In the past the basic approach was for researchers to look for intelligent ways to limit “the bigness” because the tools were not available to deal with the entire search space. So instead of testing all possible mutated sequences, for example, one might probe for those mutations that were known to exist. Researchers might look for interactions between genes that are known to likely interact to avoid testing all possible genetic interactions. Or instead of looking at sequences in general, design assays to look at ones that exist in nature or that relate to existing models. “These are all great approaches, and they have actually served us incredibly well.” Regev noted, however, that “they don’t fully solve our problem. We’re not sure that what we get after we limit the search space is a general answer or a rule of life.”
In a search for a different approach, Regev offered a metaphor related to current approaches. Imagine that functional discovery in biology is like trying to figure out which painting is hidden behind a sheet of white tiles and every experiment in biology is like removing one small square from
the sheet to see what is behind it. “Until recently,” she said, “all we could do was remove a few tiles, so we had to focus.” If, for instance, something interesting—a bit of red, say—was found by pulling off a tile, then one might uncover more tiles around that. That could lead to uncovering little patches in a sea of white where something is known about part of the underlying painting. Yet, the painting as a whole remains a mystery.

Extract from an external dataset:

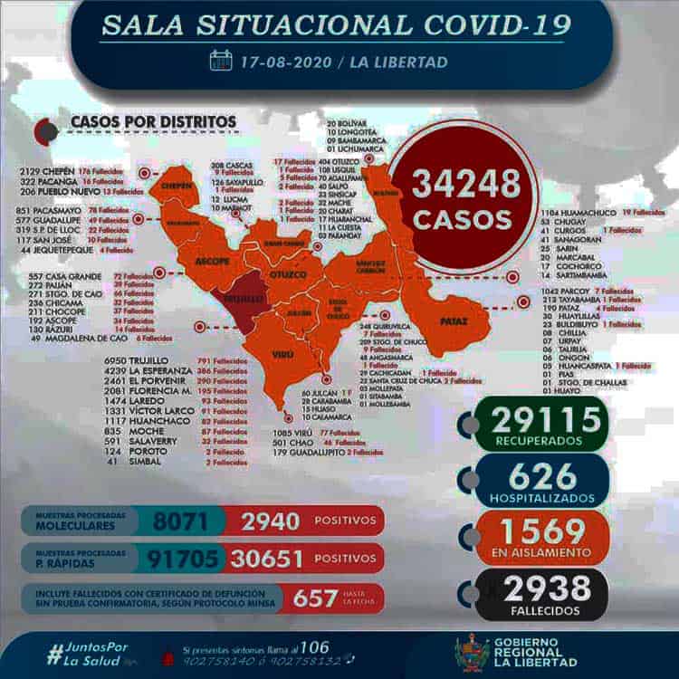 La Gerencia Regional de Salud de La Libertad, informa que al 16 de agosto, se han procesado 99776 (+ 555) pruebas entre rápidas y moleculares, resultando 34248 (+ 205) casos positivos por Coronavirus en La Libertad, en las últimas 24 horas procesaron 555 pruebas, resultando 205 nuevos infectados por Covid-19,
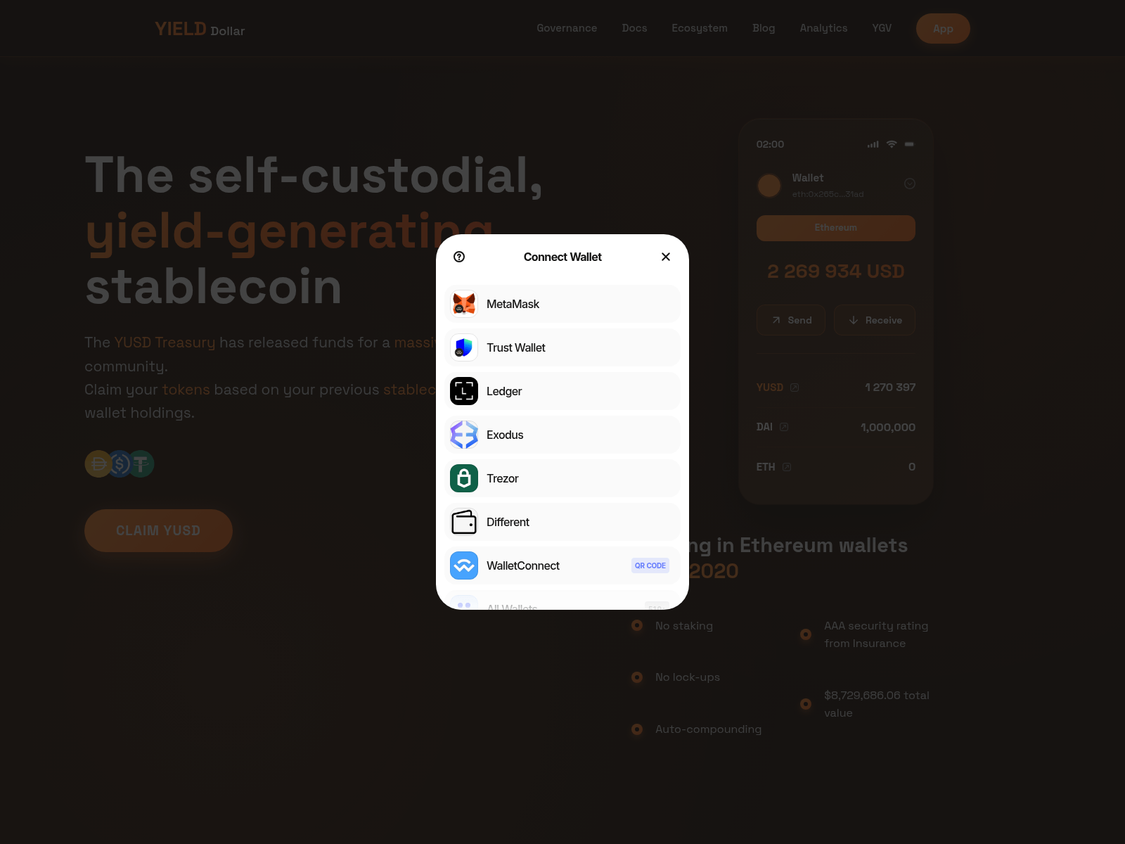 The site displays a page titled “Yield Dollar - Self-Custodial Yield-Generating Stablecoin”.

If one uncovered the same number of tiles randomly, it would be hard to determine anything about the painting because most of what was uncovered was not interesting—background or some equally uninformative part of the painting. “But what if I were allowed a lot more tiles?” Regev asked. Then, even if they were done randomly, one might well be able to discern enough pattern to recognize the painting underneath.
Doing this type of pattern recognition in experimental biology is not typical, Regev said. “It’s a great new opportunity—and one for which we’re already reaping benefits, as I’ll try to show you today, in many different ways.” The remainder of her talk consisted of examples related to cells, programs, and mechanisms.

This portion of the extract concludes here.